What is needed
Write out the data below in full, unchanged, minus the images.

Excerpts from a dataset:
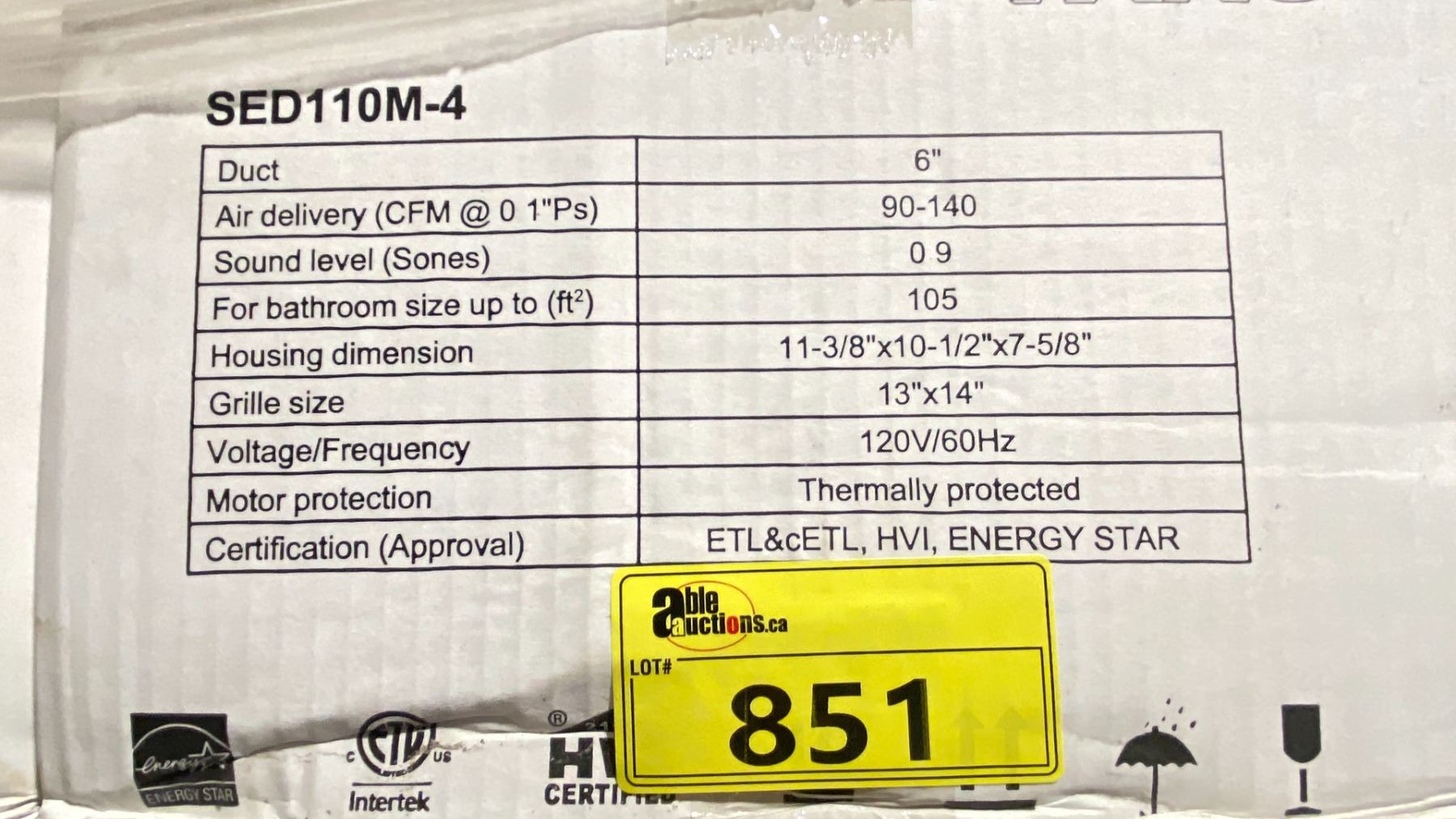 PALLET OF 55 STERLING FANS SED110M-4 EXHAUST FOR BATHROOM UP TO 105 SQ FT WITH A 6" DUCT
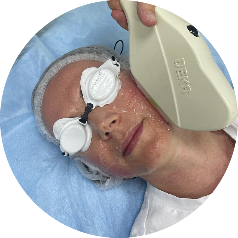 Борьба с куперозом является одной из самых востребованных процедур фототерапии IPL. Энергия световых лучей поглощается гемоглобином расширенных сосудов (телеангиоэктазий), что приводит к уменьшению их количества и постепенной нормализации состояния и цвета кожи. Если разлитую, сплошную эритему лучше удалять с помощью фототерапии, то единичные крупные расширенные сосуды (иногда их называют сосудистыми звездочками) как на лице, так и на теле предпочтительнее устранять неодимовым сосудистым лазером. Сочетание этих двух методов на одной платформе Deka позволяет наилучшим образом справиться как с распространенным куперозом, так и с отдельными «сосудистыми звездочками».
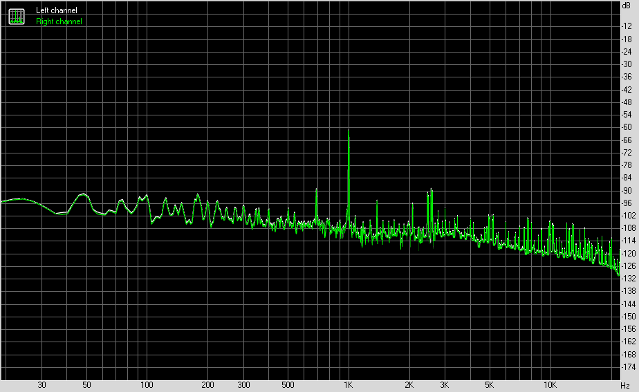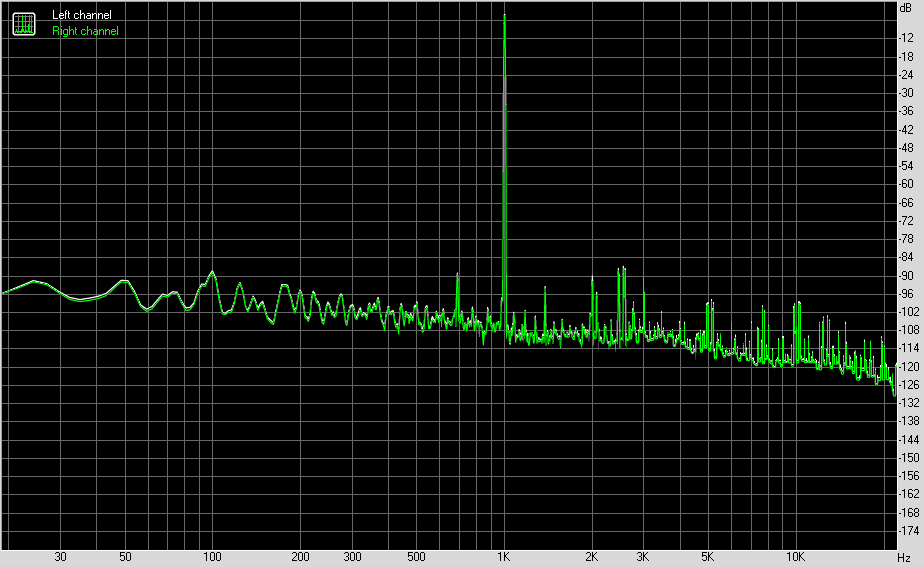 Для тестирования выходного звукового тракта, предназначенного для подключения наушников или внешней акустики, мы использовали внешнюю звуковую карту Creative E-MU 0202 USB в сочетании с утилитой RightMark Audio Analyzer 6.4.5. Тестирование проводилось для режима стерео, 24-бит/44,1 кГц. По результатам тестирования аудиотракт на плате получил оценку «Хорошо».
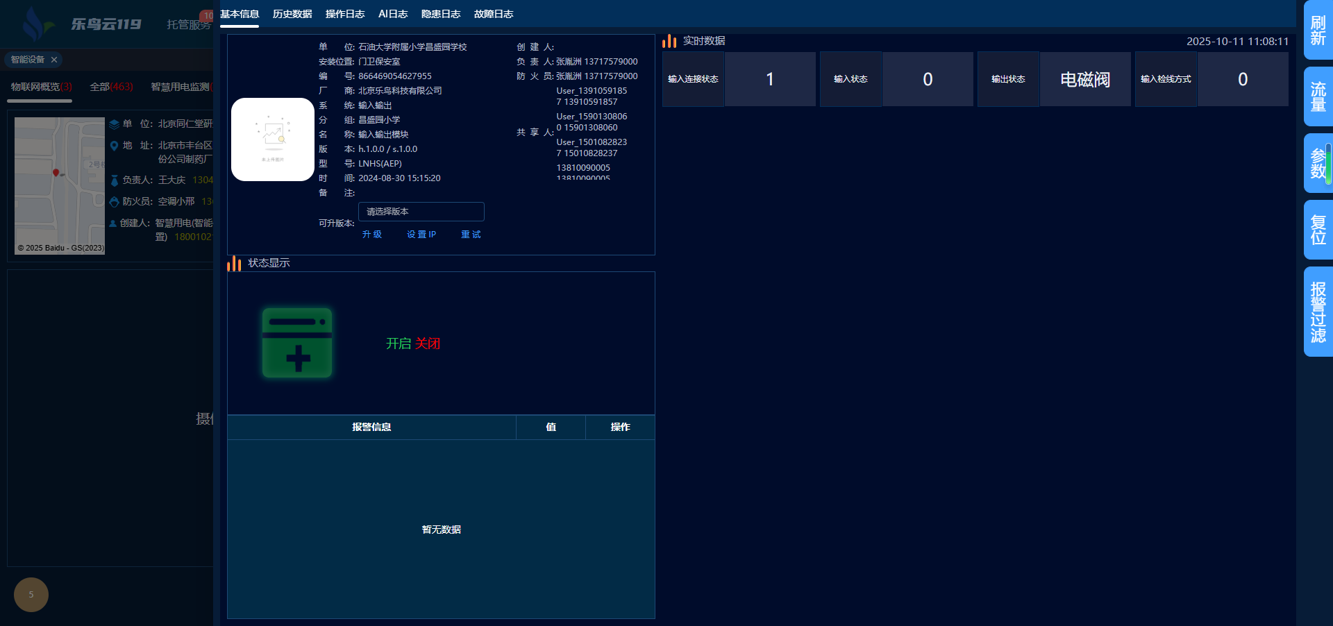 火灾自动报警系统,兼容市面上全部品牌的火灾报警主机,无需任何代码开发,依托现有协议,实现云端管理,即便面临百万级设备同时接入的复杂场景,也能稳定运行应对。系统支持管理人员远程实时查阅消防报警主机的各类数据,可执行设备刷新、复位以及查岗等多样化管理操作。一旦主机检测到火警或故障信息,系统即刻向相关管理人员发出通知,实现对传统消防设备的全方位、可视化智能管控。此外,系统还能与乐鸟火灾报警产品绑定,实时火灾预警的智能联动,为场所构筑起坚实可靠的安全屏障。
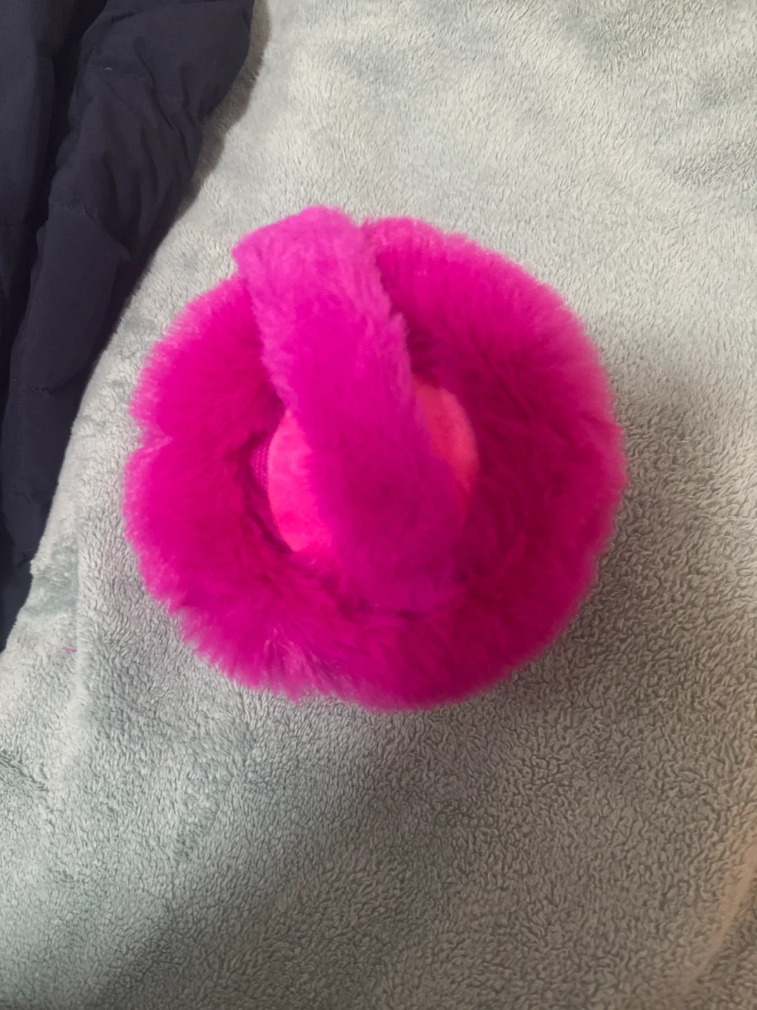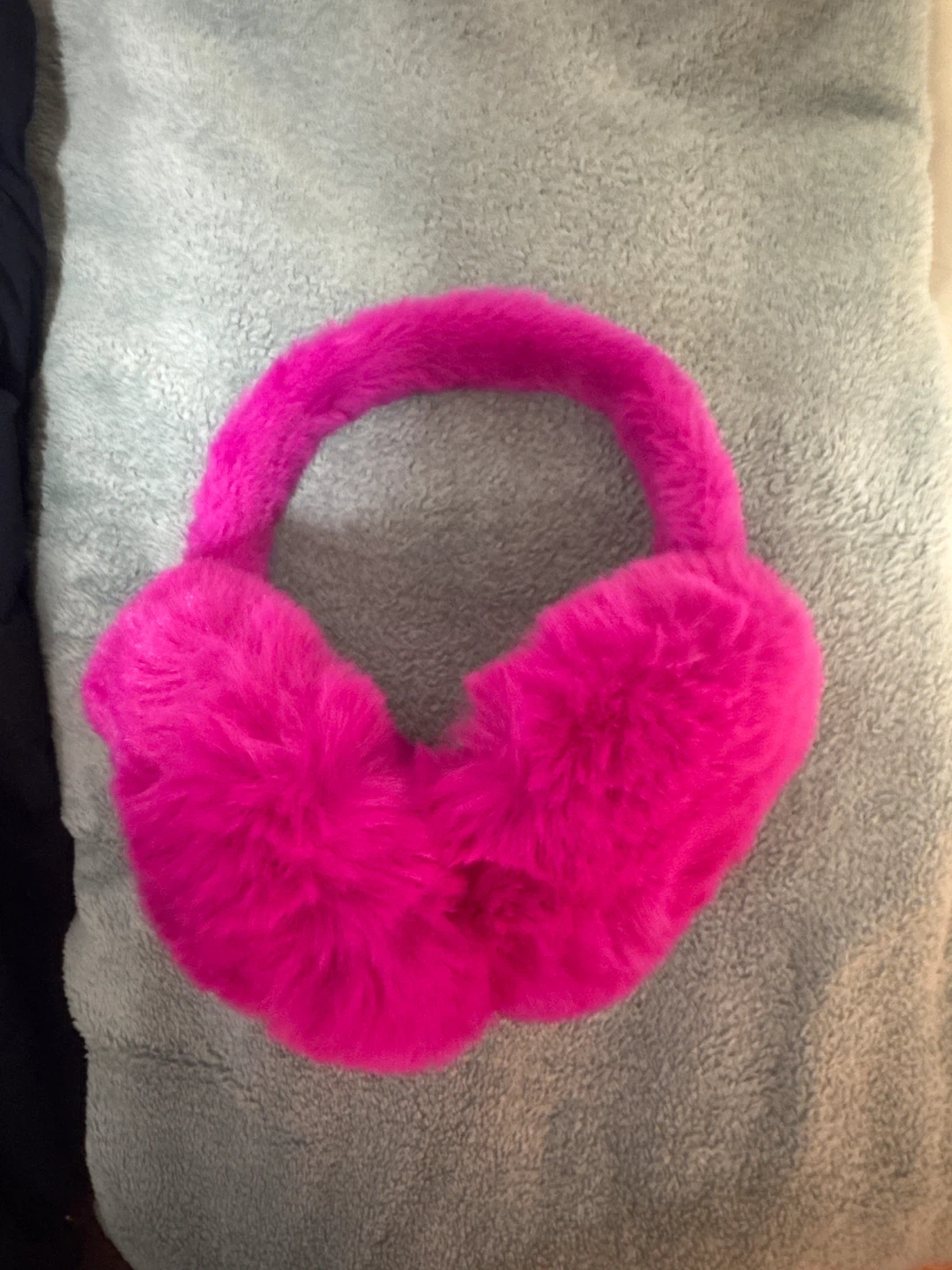 Cozy hot pink fuzzy earmuffs. These earmuffs are super soft and plush. They're perfect for keeping your ears warm on chilly days!
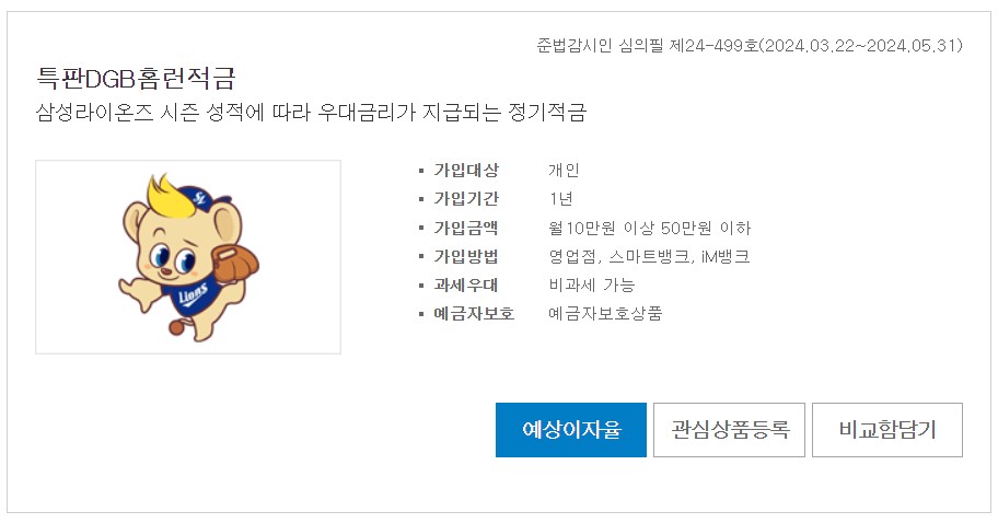 | DGB 홈런예금 | 삼성라이온즈 | 3.50 | +0.30 | 3.80 |

Your solution
 PALLET OF 55 STERLING FANS SED110M-4 EXHAUST FOR BATHROOM UP TO 105 SQ FT WITH A 6" DUCT
 Борьба с куперозом является одной из самых востребованных процедур фототерапии IPL. Энергия световых лучей поглощается гемоглобином расширенных сосудов (телеангиоэктазий), что приводит к уменьшению их количества и постепенной нормализации состояния и цвета кожи. Если разлитую, сплошную эритему лучше удалять с помощью фототерапии, то единичные крупные расширенные сосуды (иногда их называют сосудистыми звездочками) как на лице, так и на теле предпочтительнее устранять неодимовым сосудистым лазером. Сочетание этих двух методов на одной платформе Deka позволяет наилучшим образом справиться как с распространенным куперозом, так и с отдельными «сосудистыми звездочками».
 Для тестирования выходного звукового тракта, предназначенного для подключения наушников или внешней акустики, мы использовали внешнюю звуковую карту Creative E-MU 0202 USB в сочетании с утилитой RightMark Audio Analyzer 6.4.5. Тестирование проводилось для режима стерео, 24-бит/44,1 кГц. По результатам тестирования аудиотракт на плате получил оценку «Хорошо».
 火灾自动报警系统,兼容市面上全部品牌的火灾报警主机,无需任何代码开发,依托现有协议,实现云端管理,即便面临百万级设备同时接入的复杂场景,也能稳定运行应对。系统支持管理人员远程实时查阅消防报警主机的各类数据,可执行设备刷新、复位以及查岗等多样化管理操作。一旦主机检测到火警或故障信息,系统即刻向相关管理人员发出通知,实现对传统消防设备的全方位、可视化智能管控。此外,系统还能与乐鸟火灾报警产品绑定,实时火灾预警的智能联动,为场所构筑起坚实可靠的安全屏障。
 Cozy hot pink fuzzy earmuffs. These earmuffs are super soft and plush. They're perfect for keeping your ears warm on chilly days!
 | DGB 홈런예금 | 삼성라이온즈 | 3.50 | +0.30 | 3.80 |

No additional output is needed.